En mi ciudad están poniendo la iluminación de Navidad, imagino que igual que en la suya, que igual que en todas. Cuadrillas de operarios llevan varios días instalando unas luces anticipadas que quizás van a alumbrar durante dos meses una calles llenas de ausencia, pobladas nada más que por los fantasmas de otras navidades que fueron mejores aunque entonces no lo vimos y no lo supimos apreciar en su justa medida.

Pocas metáforas más certeras del desconsuelo que estamos transitando que una calle alegremente iluminada para la tristeza, para un vacío de persianas bajadas, bares cerrados, gente confinada por el toque de queda que quizás mira con melancolía desde la ventana y desde el pasado, esperando que la vacuna, el milagro de la ciencia, nos devuelva la rutina, la vida, aquello tan habitable que una vez tuvimos.

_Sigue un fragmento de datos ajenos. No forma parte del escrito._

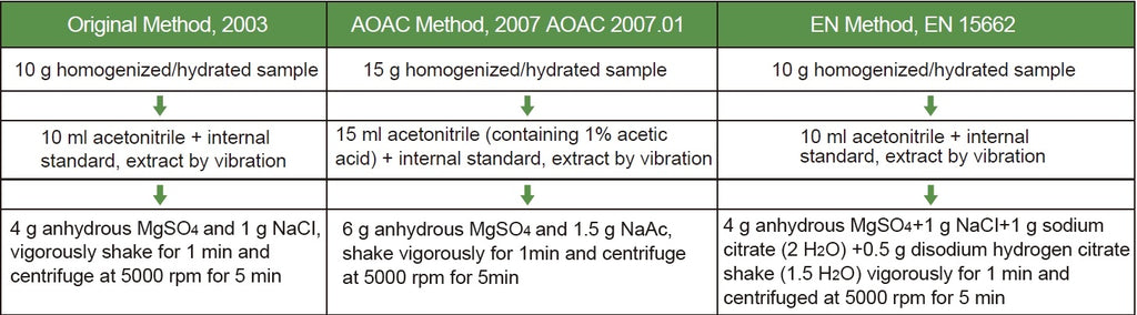- Adding acetic acid will affect the cleaning effect of PSA adsorbent and leading peak, tailing peak may occur in GC chromatogram. If this happens, a QuEChERS method without acetic acid can be used instead.

La última encuesta del CIS nos ha hecho conocer los diáfanos números del desaliento. Según los datos más recientes, el sesenta por ciento de los españoles teme que nunca volvamos a recuperar nuestra vida tal y como fue antes de la pandemia; ocho de cada diez siente inquietud al ver las calles y comercios vacíos, y el mismo porcentaje confiesa sufrir «intranquilidad y temor ante el futuro». Por más que se le ilumine, añadiría yo, por más que se siembre de bombillas el falso cielo del final del otoño, el futuro nos da miedo porque es más incierto que nunca. Por eso tenemos, casi todos, temor al porvenir, y aunque la encuentra no lo pregunte, tememos también al presente, a esta angustia de estar encerrados, aislados, solos, ocultos y esquivos, lejos de los demás y también de nosotros mismos, y nos preocupa seguir estándolo cuando lleguen esos días en que nos echaremos más de menos.

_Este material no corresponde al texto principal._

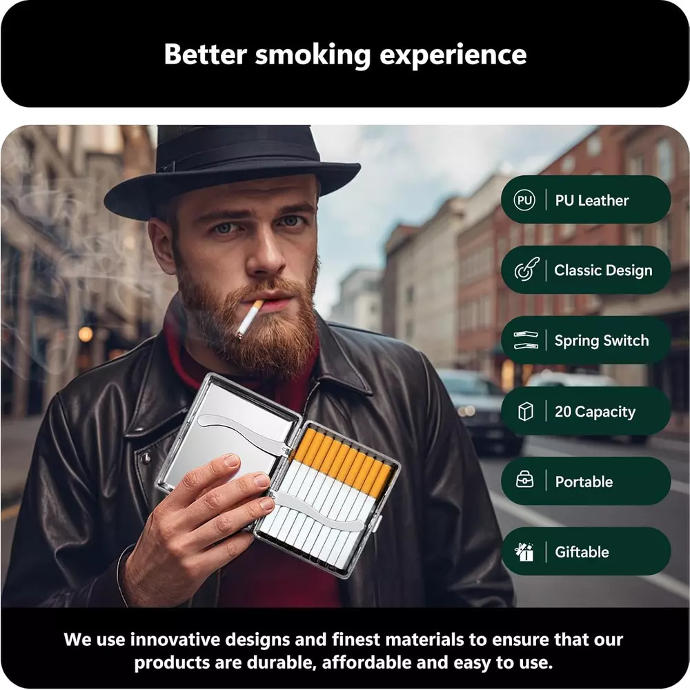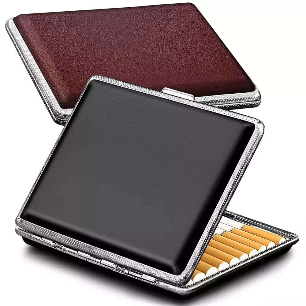 Include Content: Get 3 cigarette case (packaged in exquisite gift box), suitable for personal use and gift giving. Quality Materials: Exterior is made of PU leather and the interior is made of metal, surface is very smooth and the structure conforms to ergonomics. Cigarette Type: Suitable for Regular, King and 100's Size. Can not fit 120mm cigarettes. Design Highlights: Moisture and pressure prevention, can hold 20 cigarettes. Using mechanical switches, double sided spring clip open. Applicable scope: Roygra cigarette case can be used in patio, homes, offices, outdoors, balconies, bars, cafes, hotels, and more. Product Description The video showcases the product in use. The video guides you through product setup. The video compares multiple products. The video shows the product being unpacked.

Yo nunca he sido un entusiasta de las navidades, pero cuando llegaban sus días, una tarde, por hacer lo contrario de mi ánimo y mi natural inclinación a estar quieto entre la quietud de mis cosas, iba al centro de la ciudad y me dejaba envolver por el barullo de las compras, los villancicos, la estridencia de la iluminación y el decorado. Buscaba también un hueco en una confitería abarrotada y me entregaba al placer de unos dulces de temporada, los borrachuelos, los roscos, quizás también mazapán. Era la Navidad entonces lo que debía ser, un exceso, una hipérbole, una alegría que nos imponíamos a nosotros mismos y de la que este año, quizás el año peor que podamos recordar, solo nos va a quedar la frialdad de unas luces iluminando la nada.